→ **To do**
The reply should contain only the lines from the start of the records through the line with "まずはじめにみんなで輪になっ", reproduced verbatim and without pictures.

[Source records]

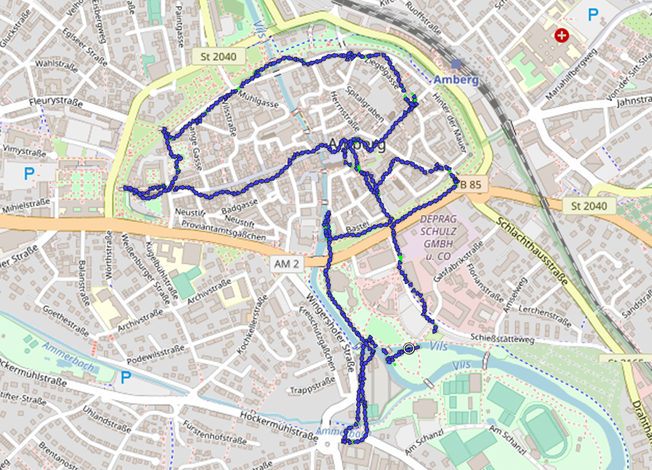 | Zusatzinfo: | Gut ausgestatteter und beliebter kostenloser Stellplatz in unmittelbarer Nähe zur historischen Altstadt. Großes Lob an die schöne Stadt Amberg! |
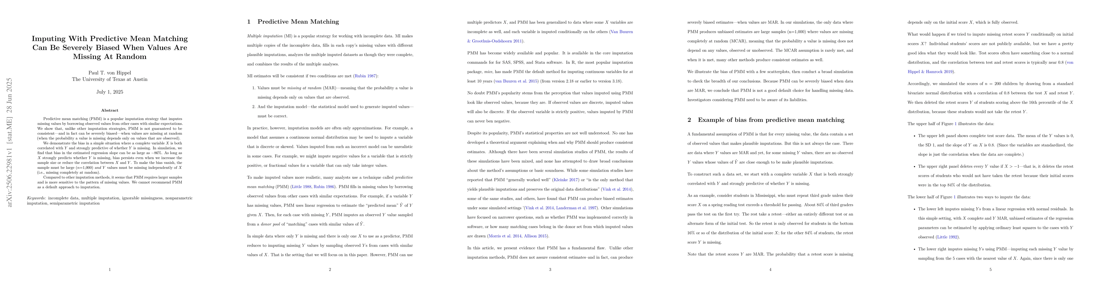 Predictive mean matching (PMM) is a popular imputation strategy that imputes missing values by borrowing observed values from other cases with similar expectations. We show that, unlike other imputation strategies, PMM is not guaranteed to be consistent -- and in fact can be severely biased -- when values are missing at random (when the probability a value is missing depends only on values that are observed). We demonstrate the bias in a simple situation where a complete variable $X$ is both strongly correlated with $Y$ and strongly predictive of whether $Y$ is missing. The bias in the estimated regression slope can be as large as 80 percent, and persists even when we reduce the correlation between $X$ and $Y$. To make the bias vanish, the sample must be large ($n$=1,000) \emph{and} $Y$ values must be missing independently of $X$ (i.e., missing completely at random). Compared to other imputation methods, it seems that PMM requires larger samples and is more sensitive to the pattern of missing values. We cannot recommend PMM as a default approach to imputation.
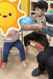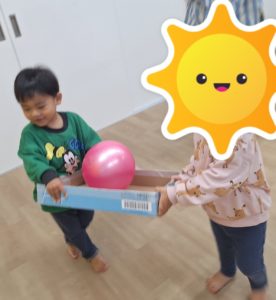 まずはじめにみんなで輪になってボール回しをしていきました。「お隣りへ🎶」のお歌に合わせて楽しみましたよ。
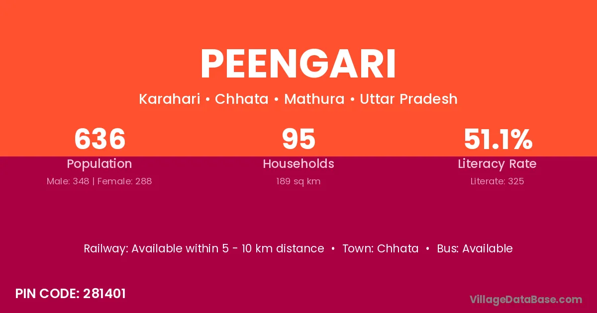 According to Census 2011 information, the village code of Peengari village is 281401.
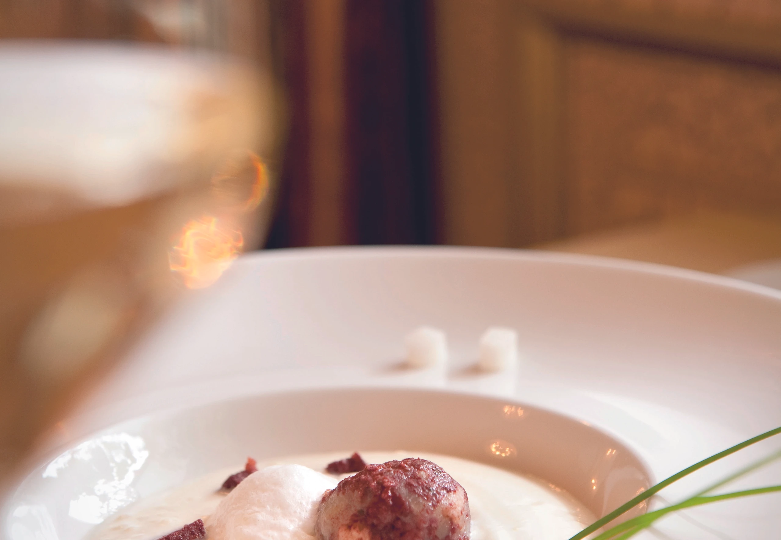 Für die Suppe Rettich, Erdäpfel und Zwiebel schälen, klein schneiden, in Butter anschwitzen, mit Wein und Suppe aufgießen. Gemüse weichkochen (ca. 20 Minuten). Nach halber Garzeit Obers zugießen. Suppe mit Salz, Pfeffer und Muskat würzen und pürieren.

→ **Solution to this exercise**
 | Zusatzinfo: | Gut ausgestatteter und beliebter kostenloser Stellplatz in unmittelbarer Nähe zur historischen Altstadt. Großes Lob an die schöne Stadt Amberg! |
 Predictive mean matching (PMM) is a popular imputation strategy that imputes missing values by borrowing observed values from other cases with similar expectations. We show that, unlike other imputation strategies, PMM is not guaranteed to be consistent -- and in fact can be severely biased -- when values are missing at random (when the probability a value is missing depends only on values that are observed). We demonstrate the bias in a simple situation where a complete variable $X$ is both strongly correlated with $Y$ and strongly predictive of whether $Y$ is missing. The bias in the estimated regression slope can be as large as 80 percent, and persists even when we reduce the correlation between $X$ and $Y$. To make the bias vanish, the sample must be large ($n$=1,000) \emph{and} $Y$ values must be missing independently of $X$ (i.e., missing completely at random). Compared to other imputation methods, it seems that PMM requires larger samples and is more sensitive to the pattern of missing values. We cannot recommend PMM as a default approach to imputation.
 まずはじめにみんなで輪になってボール回しをしていきました。「お隣りへ🎶」のお歌に合わせて楽しみましたよ。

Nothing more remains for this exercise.